🤖 AI Summary
This work addresses the challenge of propagating uncertainty between the time and frequency domains in discrete Fourier transforms (DFT). We propose a factor graph–based framework for quantifying uncertainty in the fast Fourier transform (FFT), explicitly modeling FFT as a hierarchical factor graph for the first time. By integrating belief propagation (BP) with expectation propagation (EP), the framework enables approximate Bayesian inference under non-Gaussian priors. A convergence-guaranteeing mechanism ensures stable, high-accuracy joint estimation of posterior means and variances. Unlike conventional approaches constrained by Gaussian assumptions, our method significantly improves the accuracy and robustness of joint time–frequency probabilistic inference—particularly in communication systems.

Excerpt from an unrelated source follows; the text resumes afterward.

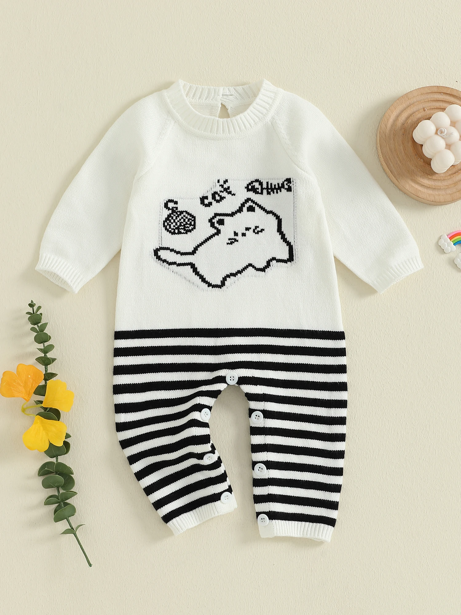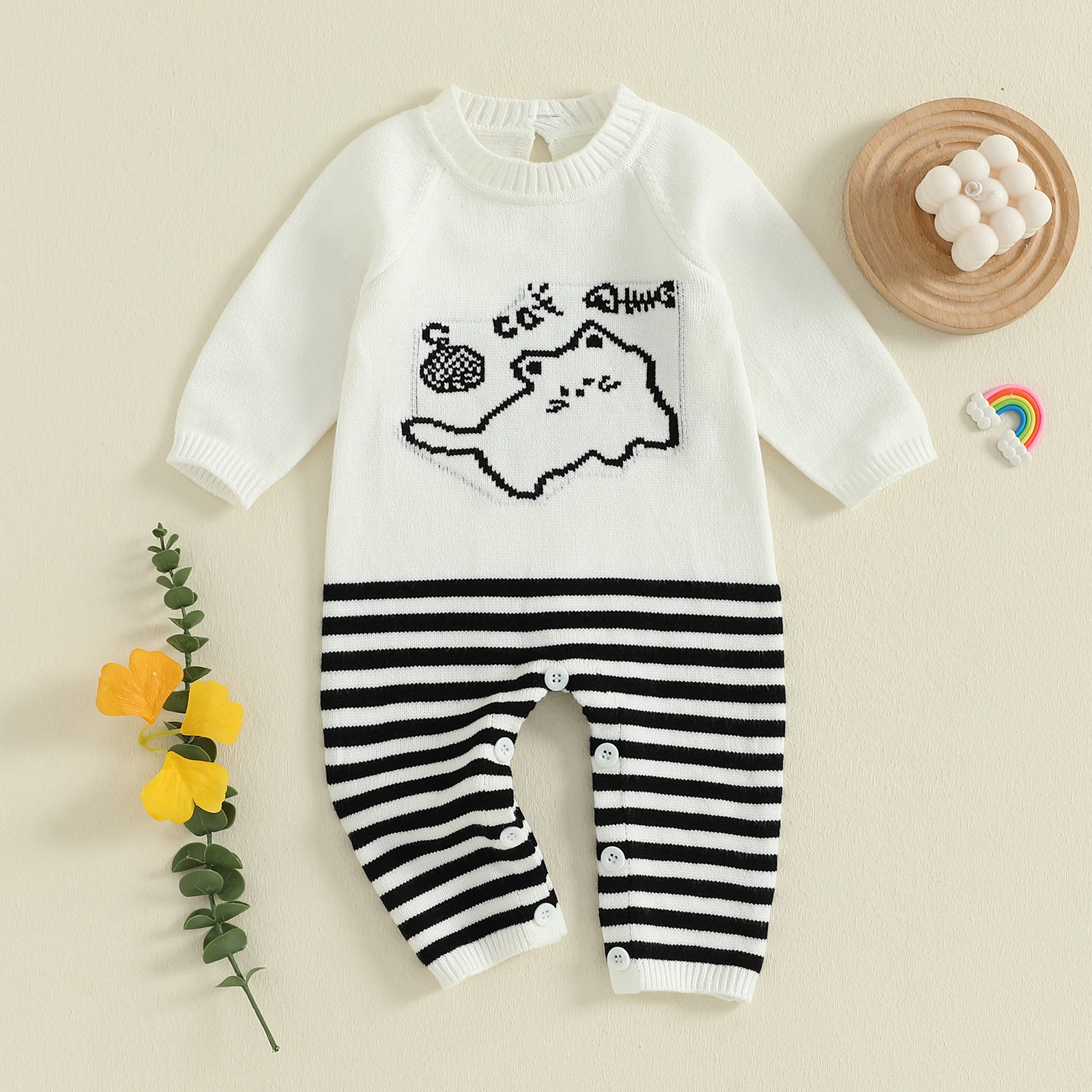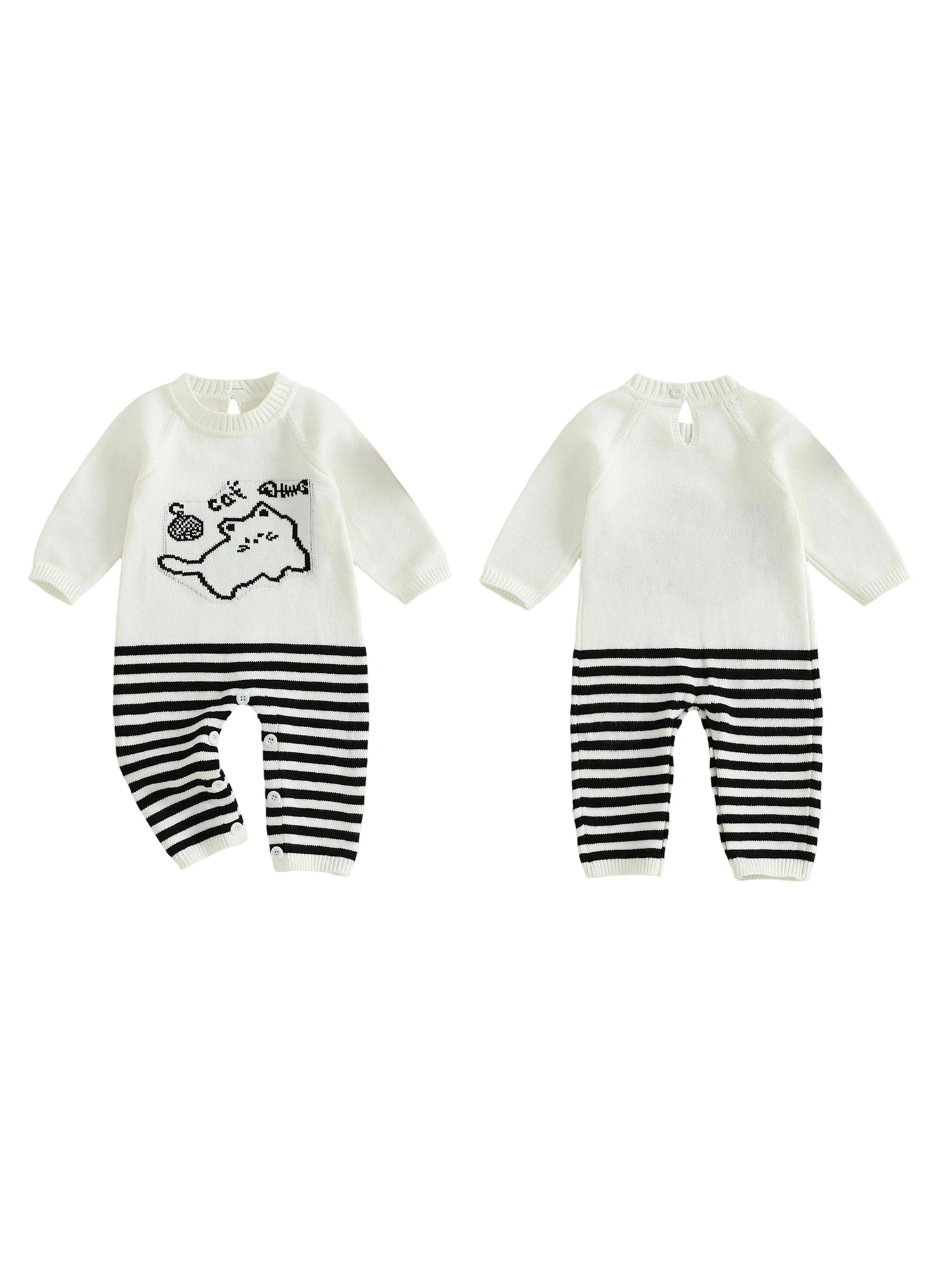 Mono informal para bebé, manga larga, cuello redondo, estampado de gato, mameluco de punto, traje sin pies para recién nacido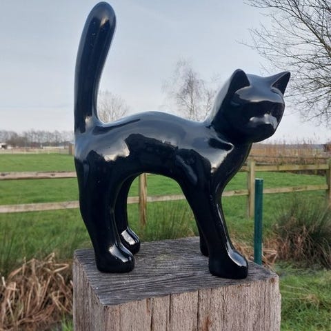 En polyresin-skulptur af en sølvbronse kat med slips og solbriller, oprindelse Europa, 29 cm høj, 15 cm bred, 17 cm dyb, ikke signeret og i fremragende stand. Klik på den blå "gå til varen" knap, for at købe eller byde på denne vare. Den samlede pris vil blive vist inden du afgiver dit bud.

It establishes a scalable theoretical and algorithmic foundation for uncertainty-aware signal processing.
📝 Abstract
We address the problem of uncertainty propagation in the discrete Fourier transform by modeling the fast Fourier transform as a factor graph. Building on this representation, we propose an efficient framework for approximate Bayesian inference using belief propagation (BP) and expectation propagation, extending its applicability beyond Gaussian assumptions. By leveraging an appropriate BP message representation and a suitable schedule, our method achieves stable convergence with accurate mean and variance estimates. Numerical experiments in representative scenarios from communications demonstrate the practical potential of the proposed framework for uncertainty-aware inference in probabilistic systems operating across both time and frequency domain.